Maku made a suggestion. Let them dismantle the hut, he said, destroy all traces of their occupation, and remove to the other side of the island, where at least they would not have to reckon with the anger of the mystery men at finding them on forbidden ground. The girls discussed the suggestion earnestly, and decided to follow his advice. It gave them a pang to pull down the little home to which they had become accustomed: but they lost no time in setting about it, carrying the material down to the boat. Meanwhile, the old man and Fangati scattered the stones of their oven, and tried to obliterate the signs of habitation. Maku shook his head when he saw the bleached grass on what had been the floor of the hut. Even in this land of quick growth it must take some time before so tell-tale an evidence was done away.
It was decided that Elizabeth and Mary should row the boat round to Maku's landing-place with the canoe in tow, while Tommy walked with the old man across the island. The chief did not follow the long route up the stream by which the girls had reached the ridge, but took a more slanting course through a wild and rugged region which they had never explored. As they were crossing the ridge he pointed out to Tommy in the distance the entrance to the great cave in which the ceremonies of his tribe were conducted. Tommy shivered; the thought of wild men engaged in mysterious rites terrified her imagination. Choosing a steep path that wound down the eastern side of the ridge, Maku led the two young girls to the open space near the waterfall, and in a few minutes reached his hut. He and Fangati at once began to rig up near by a temporary shelter for the English girls, and it was almost finished by the time Elizabeth and Mary arrived.

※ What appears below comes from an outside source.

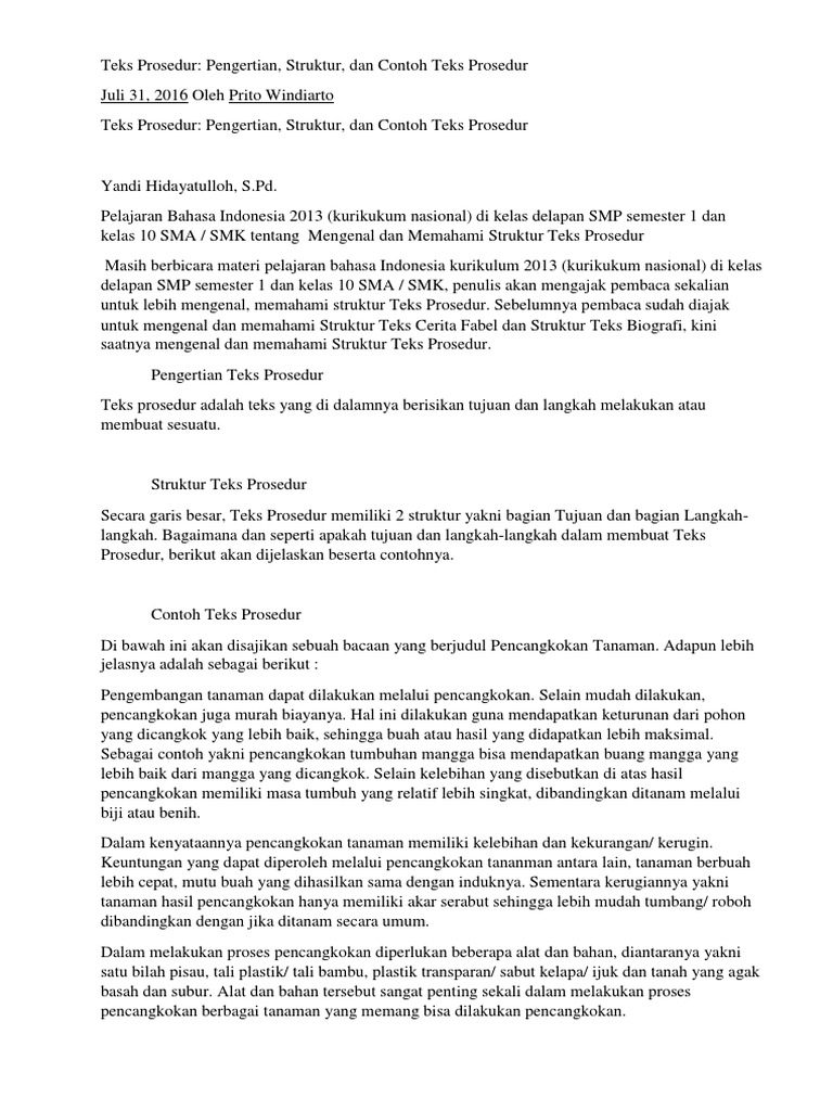 Contoh prosedur teks bahasa indonesia. Contoh teks prosedur kompleks jika membicarakan teks maka pastinya anda akan mendapatkan banyak jenis jenis teks dan jenis teks tersebut akan muncul di dalam pelajaran bahasa indonesia. Petikan kalimat berikut yang bukan merupakan contoh ciri bahasa dari teks prosedur adalah. Tambahkan 600 cc air. Tujuan dari teks prosedur ini adalah untuk membantu pembaca. 10 contoh kalimat repetisi dalam bahasa indonesia 12 contoh majas paradoks dalam kalimat bahasa indonesia. 22 contoh teks prosedur sederhana kompleks dan protokol untuk pembahasan kali ini kami akan memberikan ulasan mengenai contoh teks prosedur yang dimana dalam hal ini meliputi contoh teks prosedur sederhana kompleks dan protokol nah agar lebih dapat memahami dan mengerti simak ulasan selengkapnya dibawah ini.
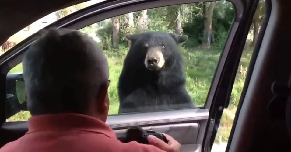 assustadora ao cruzar com um urso dentro do parque de Yellowstone, nos Estados

The girls were provided by their new friends with an excellent meal of fish, breadfruit and other fruits, some of which were strange to them. Immediately afterwards, Maku and his granddaughter set to work to build them a hut in the native fashion. Elizabeth doubted whether they would like a house which must be inevitably close and stuffy with a doorway only high enough to crawl through. Their own hut had been fresh and breezy. But it seemed better to let the natives have their way. They would build much faster than the English girls; and if strange natives should make their appearance in this part of the island, they would not be rendered suspicious as they might be if they saw a hut so different from what they were accustomed to.
The girls slept in their temporary shelter that night. They had lost their fear of savage neighbours, but this had been replaced by a new fear of possible visitors from beyond. Tommy had asked Maku during their walk whether there was any chance of a ship coming to the island.